Letter-to-the-Editor

The following was published in The Capital on January 17, 2008:

I truly don’t understand the issue presented in the article “Drinking, dirty dancing end Severna
Park dance.
” (The Capital, Jan. 15). Aren’t we supposed to tolerate behavior like this? Who exactly defines right and wrong? No one is getting hurt, right? Everyone is having fun, aren’t they? It’s just “how [their] generation dances.” Aren’t we supposed to encourage this kind of behavior (or at least ignore it)? Oh my, and to add to all this the school didn’t give a reason for stopping the dance. You killed all their fun you big meanies!

Or not.

Seriously, what we are seeing here is just one example of a generation that is in a downward spiral. Any sane person knows that it is ridiculous to state that we must tolerate this kind of behavior – but the day is coming when persons will demand that we not only tolerate this kind of behavior but also embrace it. It also brings up the issue of our overly sexualized culture rearing its ugly head at a school dance. These kids are inundated by MTV, magazines, movies, and the internet – all screaming the same message. The response to this? Parents have stopped being parents and have now become friends. They need to grow a backbone and get to work. Schools have turned away from abstinence based curriculum for sexually explicit curriculum that is telling kids their behavior is normal.

It really makes no sense when all these things are being said – the teen years are a time for fun at all costs – and then the fun is stopped and called “inappropriate.” It doesn’t make sense to the kids. Let’s start speaking the truth loud and clear: the parents need to parent and schools need to start rethinking their curriculum before its too late.

–Tim Sweetman

Comments 3

  1. Leon Freyermuth

    Powerful, yes. However, I believe that you DO worry too much. Whenever a new generation comes along someone (usually the older one) complains about how horrible the young generation is.
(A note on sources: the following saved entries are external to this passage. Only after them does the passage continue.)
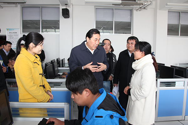杜昌文一行实地参观了学院名校建设成果展,观看了名校建设成果专题片,现场察看了信息工程学院大学生创新创业中心,同创业实训的师生亲切交谈,勉励同学们树立创新创业梦想,努力打造创业品牌,力争把创新创业产品做到全市乃至全省全国去,祝愿同学们成功成才,率先成为创业成功者。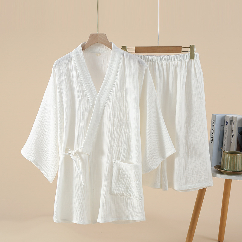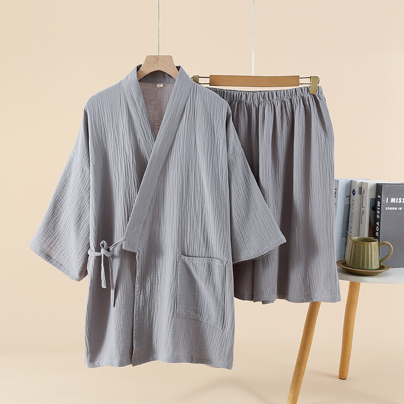 암호화 된 플러스 사이즈 커플의 크레페 기모노 반팔 반바지 봄과 여름 얇은 일본식 레이스 업 스웨트 남녀 홈 의류스토어 가기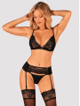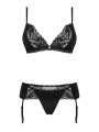 The Obsessive Maderris lingerie set is a sensual three-piece collection of women's lingerie designed for a confident look. This black lingerie set features a soft-cup bra, a matching garter belt, and a sexy thong. The floral lace details and smooth fabric provide a beautiful aesthetic for any romantic occasion.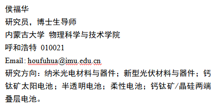 4. Jiali Wei, Xin Wang, Haoran Yang, Jingwei Guo, Tiantian Li, Chengjun Zhu, and Fuhua Hou*, Dipropyl sulfide optimized buried interface to improve the performance of inverted perovskite solar cells, Applied Physics Letters, 2024, 125, 142109.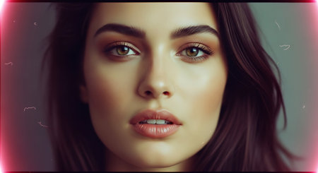 Portrait of a beautiful young woman with green eyes and long eyelashes

The same thing was said about having long hair in the ’80s and the same thing is being said now about be overly “sexual” and how “violent” video games are “bad.” Honestly, as far as I can tell it’s a bit repetitive.

  2. Post
    Author
    Tim

    I guess in this case the only difference is that I’m 17 and worrying about my own generation vs. the older generation worrying about the younger.